Béla is sick-and-tired of the stuff vendors are shipping:
An important aspect is the terrible quality of network device software. You install a new version and a lot of things are broken. You have a perfect configuration in software simulation, but it does not work with hardware optimized devices, since the porting is never finished and barely tested by the vendor. The documentation is just a bad joke, the support forums are full with unanswered questions.
There is so much bad experiences that most network engineers are reluctant to touch a working system for good reasons. You should change to a better environment with fully automated regression testing. However, when you look at the new SDN projects, the same problems come back. Everyone is rushing to include new features, and the automated testing have less than 10-20% coverage.
No one wants to pay for quality. Good enough is the target... :-)
Fred touched upon several SP-related aspects:
I see different aspects of this problem from my SP window:
- Technical: you covered it in the article. Tools did not exist in the past for network devices, and this is being addressed/is already addressed on most platforms.

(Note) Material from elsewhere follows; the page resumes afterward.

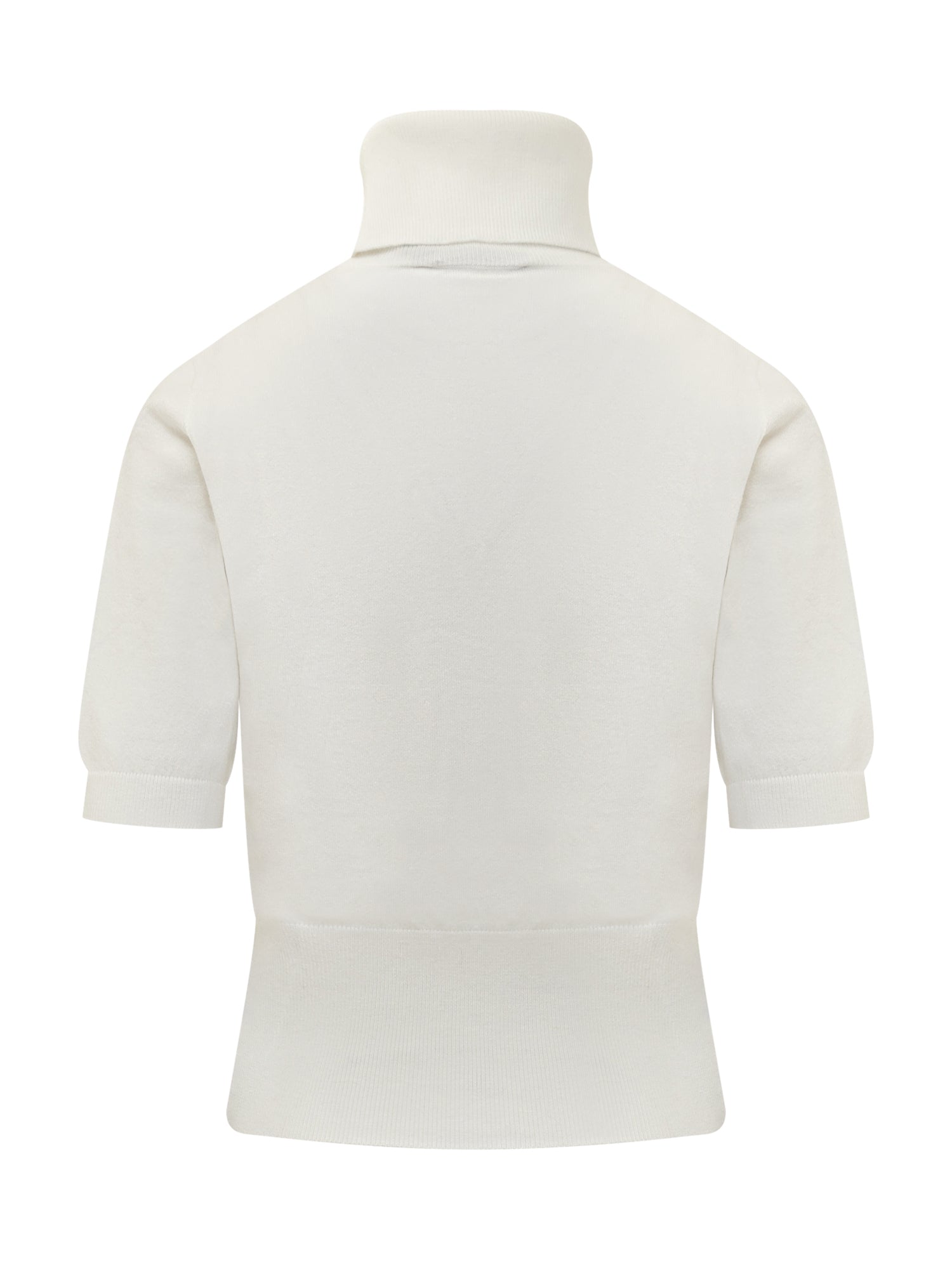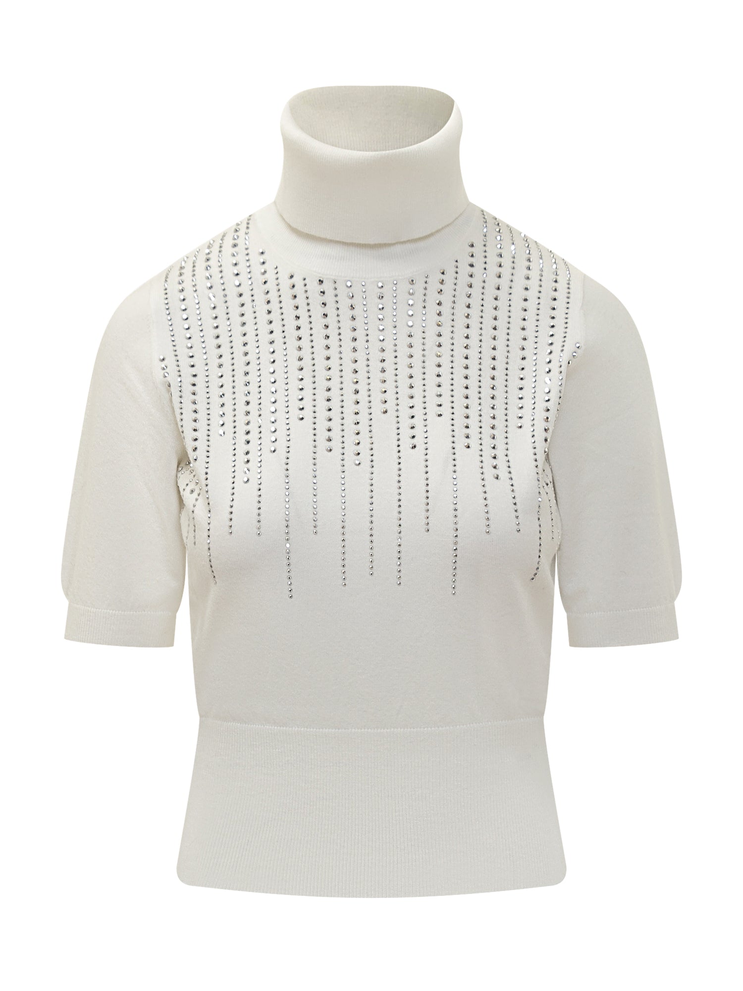 Seventy 19.70 ivory knit turtleneck with short sleeves and front rhinestone details. Slim fit and shimmering finish.

- Risk culture: despite all this new fancy features to ease and speed software upgrades, it still takes ages to upgrade a network (whether it's 10 devices for a small enterprise or 1000+ device for a SP backbone). Human factor is important. Telcos for example have a strong quality culture and risk control history, and it's hard for them to imagine upgrading several devices in parallel, in one shot, by something totally automated. What if it goes wrong? What if this loop is not secured? What if the NOC did not restore an IGP metric during the last maintenance window?
- Checks at scale: Upgrading is easy. Checking the state of the device or the traffic before, after, and compare it at scale is a challenge. You need those checks to validate your software upgrade is a success or to engage a rollback. Worst: it's not apple to apple comparison: you have churn in your IGP routes (so you end up with a small difference), you might have traffic shifting somewhere else because BGP
- Worst: most routers deep health check are vendor dependent, platform dependent and software dependent. It's a tough one to manage. From past experiences, you add more and more checks, and end up with a crazy list. Again, automation could help. I also think telemetry could help: you should be able to confidently say your router is capable of taking production traffic looking at a dashboard containing key metrics.
Finally, if your network is correctly designed, if your architecture redundancy is regularly tested (or you are confident it's working) and you have correct tools, you don't have any technical excuses to regularly rolling out new software releases at scale. Now, I think as network professionals we should also address the human factor/education for risk.
- Read the original blog post
- Consider these ideas to automate the upgrade process
- Watch network automation webinars on ipSpace.net
- Enroll into Ansible for Networking Engineers course if you want to master Ansible.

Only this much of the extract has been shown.